*What you have to do*: The string "with" may appear in lines of the listing. Report each line where it does.

*Dataset excerpt*:

*-*-*

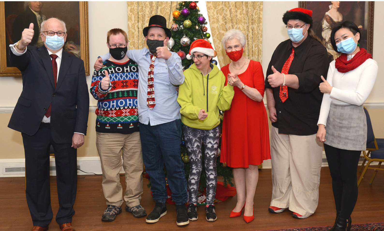
Christmas tree decorating event with L'Arche at Government House. 3 December 2021.

Building on the success of the 2020-21 fiscal year, the Lieutenant Governor continued virtual public outreach activities, particularly during the first half of the year when gathering limits resulted in the cancellation of events and tours. One significant benefit was that residents who cannot physically travel to Government House were able to engage with the Lieutenant Governor online and participate in activities.
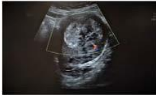
Figure 4: B-ultrasound (July 21 st ).

*-*-*

*Your solution*:
Christmas tree decorating event with L'Arche at Government House. 3 December 2021.
Building on the success of the 2020-21 fiscal year, the Lieutenant Governor continued virtual public outreach activities, particularly during the first half of the year when gathering limits resulted in the cancellation of events and tours. One significant benefit was that residents who cannot physically travel to Government House were able to engage with the Lieutenant Governor online and participate in activities.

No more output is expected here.